ELO Replication compares entries between multiple repositories. The relevant repositories can be installed at different sites. ELO Replication transfers the data to the relevant repositories. This means the repositories do not necessarily have to be available to one another.

ELO Replication is a web app based on Java that is installed on an Apache Tomcat.

# Replication set

The replication set is a characteristic that you assign to individual repositories in order to replicate them in another repository. Create sites and add repositories in the web-based configuration. Using the ELO Indexserver URL, specify which repositories data is replicated from. A replication set is created automatically in the configuration when you add a new repository. Each replication set stands for one repository. The individual entries (folders, documents) to be replicated are selected in the ELO Java Client or ELO Web Client using the "Assign replication sets" function. With this function, you select the repository you want to export the entries to. This means you select a repository the entries are replicated to.

# Data synchronization

ELO Replication captures, distributes, and transfers changes to the relevant repositories. An extension to the ELO Indexserver creates a synchronization data set with the changes to a repository. The format of this data set is a compressed stream of JSON objects from the ELO Indexserver API. The data in this stream is selected in the ELO Indexserver based on its synchronization status. The following options are available:

Entries without a replication set: Entries that you do not want to synchronize are not assigned a replication set. A replication set determines which other repositories the entry is synchronized with. Entries without a replication set are not added to the synchronization data set.
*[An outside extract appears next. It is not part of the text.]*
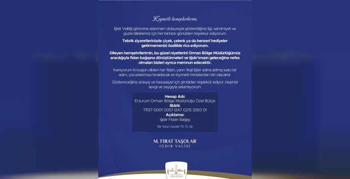 "Kıymetli hemşehrilerim, Iğdır Valiliği görevine atanmam dolayısıyla gösterdiğiniz ilgi, samimiyet ve güzel dilekleriniz için her birinize gönülden teşekkür ediyorum. Tebrik ziyaretlerinizde çiçek, çelenk ya da benzeri hediyeler getirmemenizi özellikle rica ediyorum. Dileyen hemşehrilerimin, bu güzel niyetlerini Orman Bölge Müdürlüğümüz aracılığıyla fidan bağışına dönüştürmeleri ve Iğdır’ımızın geleceğine nefes olmaları bizleri ayrıca memnun edecektir. İnanıyorum ki bugün dikilen her fidan; yarın Yeşil Iğdır adına atılmış kalıcı bir adım, çocuklarımıza bırakılacak en kıymetli miraslardan biri olacaktır. Göstereceğiniz anlayış ve hassasiyet için şimdiden teşekkür ediyor, hepinizi sevgi ve saygıyla selamlıyorum.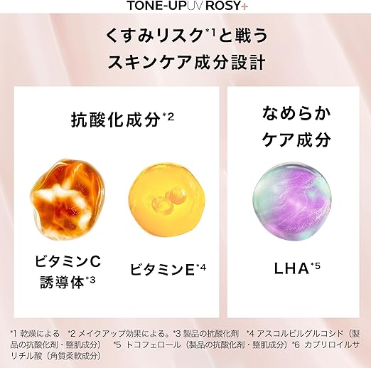 商品特長 保湿・整肌成分を贅沢に配合し*1、みずみずしいテクスチャーの化粧下地 保湿処方で、乾燥しがちな肌をうるおいで満たします。ビタミンC誘導体*2やビタミンC、ビタミンE*3などの成分がキメを整え、くすみ*4や色ムラを自然にカバーして*5、素肌感のあるトーンアップ 日焼け止め 下地として活躍します。ロングUVAや大気中微粒子*6から肌を守り、石鹸オフ可能な設計でデイリーに使いやすいのも特長です。*1 約64%配合。保湿・整肌成分・基材。*2 アスコルビルグルコシド(製品の抗酸化剤・整肌成分)。*3 トコフェロール(製品の抗酸化剤・整肌成分)。*4 乾燥による。*5 メイクアップ効果による。*6 物理的な肌の付着からの防御。すべての大気中物質をさすわけではありません。保湿・整肌成分を贅沢に配合し*1、みずみずしいテクスチャーの… 表示を増やす

Entries with a new replication set: Entries that you want to synchronize are assigned new replication sets. The information from the entries is added to the synchronization data set. All the entry information is only sent to the repositories assigned the new replication set. If entries have already been assigned replication sets, their repositories are simply informed that the entries are now replicated with additional repositories.

The ELO Indexserver assigns replicated entries the tstampsync field when creating the synchronization data set in the database. The tstampsync field contains the value from the corresponding tstamp field at the time the data was read from the database. In the synchronization data set, the tstampsync contains the value it had when the database was read. This difference plays an important role when importing the data set.

Information

The name of the tstampsync field varies depending on the table.
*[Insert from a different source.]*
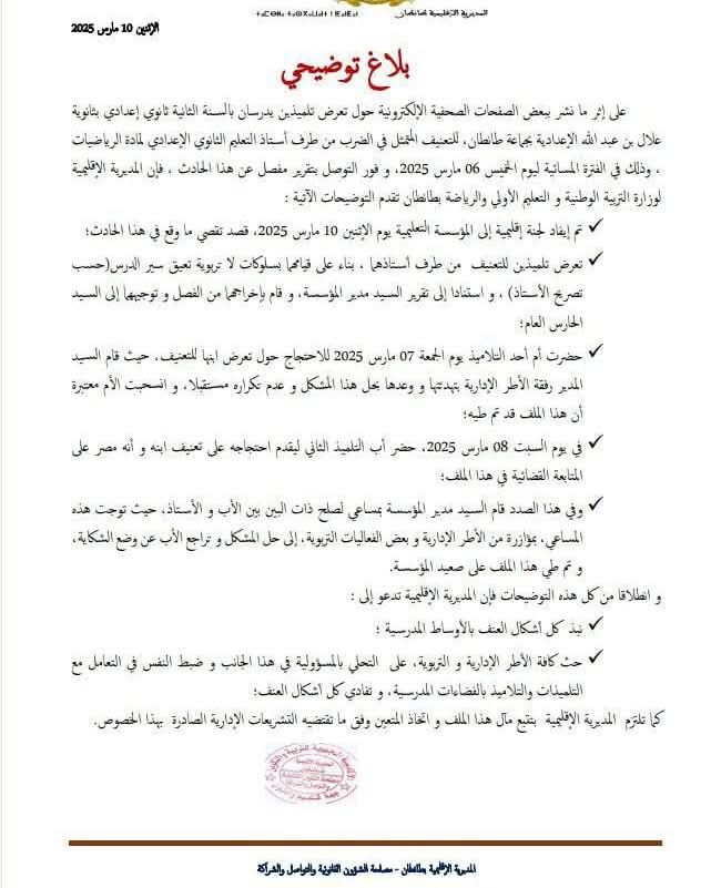 تفاعلت المديرية الإقليمية لوزارة التربية والتعليم الأولي والرياضة بالطنطان، مع ما تم نشره حول الإعتداء على تلميذين بإعدادية علال بن عبد الله، حيث قامت المديرية بتشكيل لجنة في موضوع التلميذين الذين تعرضا للعنف داخل فصل الدراسة من طرف أحد الأساتذة.

Entries changed since the last synchronization: The entries were changed since the last synchronization. To recognize a change, the tstamp and tstampsync fields are compared. In case of changes, the ELO Indexserver automatically sets the tstamp field to the current time in UTC (Coordinated Universal Time).

Entries unchanged since the last synchronization: The entries were not changed since the last synchronization. For unchanged entries, the values in the tstamp and tstampsync fields are identical. Unchanged entries are not added to the synchronization data set.

# Data transfer

The synchronization data set is created by the ELO Indexserver. ELO Replication initiates its creation based on a configured schedule. The synchronization data set is streamed by the ELO Replication to the other sites, and from there it is streamed to the ELO Replication of the other repositories so it can be imported. During streaming, the data set is processed between the ELO Replication instances. Only the data required is sent at the target is sent.

To compensate for instabilities during transmission, ELO Replication caches the data sets. If disconnected, ELO Replication re-attempts to send the data set once a minute. The data set is transferred all over again, regardless of when the previous transfer was interrupted.

The SSHD library from the Apache MINA project is used for data transfer. The method with public and private keys is used exclusively for authentication. The keys are automatically generated for each site when configuring ELO Replication.

Information

You can add additional options for transferring data by creating and integrating plug-ins.

The ELO Indexserver imports the synchronization data set into the target repository. The following options are available:

Entry does not exist in repository: The GUID is used to check whether an entry already exists in the repository. If the entry does not exist in the repository, it is imported.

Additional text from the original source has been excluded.